XV

A la vuelta de su permiso, Rostov sintió y supo por primera vez cuán fuertes eran los lazos que lo unían a Denísov y a todo el regimiento.

Cuando Rostov se acercaba a su unidad sentía casi lo mismo que cuando se acercaba a su casa de la calle Povárskaia. Al ver al primer húsar de su regimiento con la guerrera desabrochada y reconocer al pelirrojo Deméntiev, y al ver los caballos alazanes, cuando Lavrushka gritó gozosamente a su amo: “¡Ha llegado el conde!” y Denísov, que estaba durmiendo, salió del refugio de barro desgreñado y lo abrazó, y los otros oficiales lo rodearon alegremente, sintió lo mismo que cuando su madre, su padre y hermanas lo abrazaban, y no pudo contener las lágrimas de alegría que lo ahogaban y le impedían hablar. El regimiento era un hogar, un hogar tan querido y grato como el de sus padres.
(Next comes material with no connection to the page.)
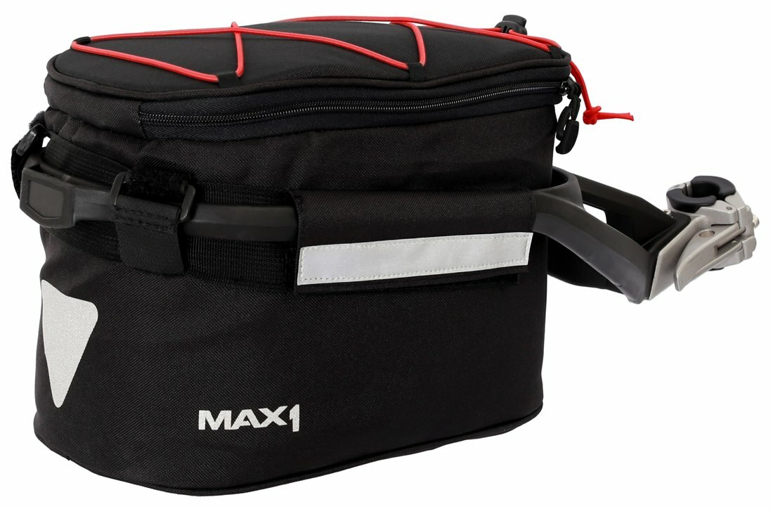 Trunky XL je inovativní kombinací brašny a nosiče z portfolia značky MAX1. Jedná se o praktickou brašnu v kombinaci s držákem na sedlovku pro průměr 25,4-34,9 mm, určenou pro krátké výlety nebo cestu do práce. Velice praktický a elegantní model. Držák je vyrobený z ABS plastu, samotný brašna z voděodolného materiálu. Tento model, je ta správná volba pro Vaše kolo či elektro kolo do města i do přírody. Voděodolný materiál, reflexní aplikace pro větší bezpečnost a viditelnost za zhoršených světelných podmínek, držák blikačky. Zkrátka tento model má vše co má mít a plně nahradí klasický koš na nosič. Na vrchním víku brašny je ještě praktický gumicuk pro připevnění např. přilby nebo větrovky.
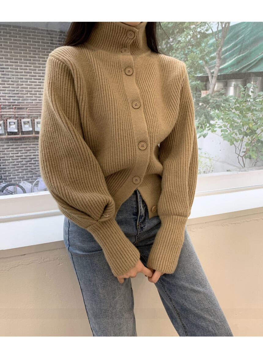 ハイネック ニット カーディガン ハイネックセーター ルーズ 長袖カーディガン 韓国 3カラー a2491

Después de presentarse al jefe del regimiento y ser destinado a su antiguo escuadrón, una vez arreglados los asuntos del servicio y del forraje, cuando entró de lleno en los pequeños intereses del regimiento y se sintió privado de la libertad y recluido en un marco estrecho e inmutable, Rostov experimentó esa misma tranquilidad, esa misma convicción de estar en su casa y en su sitio que sintiera bajo el techo paterno. No había aquí aquel desorden del mundo libre, donde no se encontraba en su elemento y se equivocaba cuando tenía que elegir. No estaba Sonia, con la cual había que decidirse a tener o no una explicación. No era posible ir a algún sitio o dejar de ir; no existían esas veinticuatro horas del día, que de tantas maneras distintas se podían emplear; ni pululaba aquella muchedumbre de seres, de los cuales ninguno le era más afín y ninguno más lejano; no había aquellas imprecisas y confusas relaciones económicas con su padre; ¡no había nada que le recordase aquella terrible deuda de juego a Dólojov! En el regimiento todo era simple y claro. El mundo entero estaba dividido en dos partes desiguales: una, nuestro regimiento de Pavlograd; la otra, todo lo demás. Y de esto último no le importaba nada. En el regimiento se sabía todo. Quién era el teniente, quién el capitán, quién bueno o malo; y sobre todo, quién era buen compañero y quién no. El cantinero da a crédito, la paga llega cada trimestre; nada hay que inventar ni escoger; se debe evitar solamente todo cuanto se considera malo en el regimiento de Pavlograd; si te mandan algo, haz lo que le han mandado y dicho con palabras claras, precisas y concretas; así todo irá bien.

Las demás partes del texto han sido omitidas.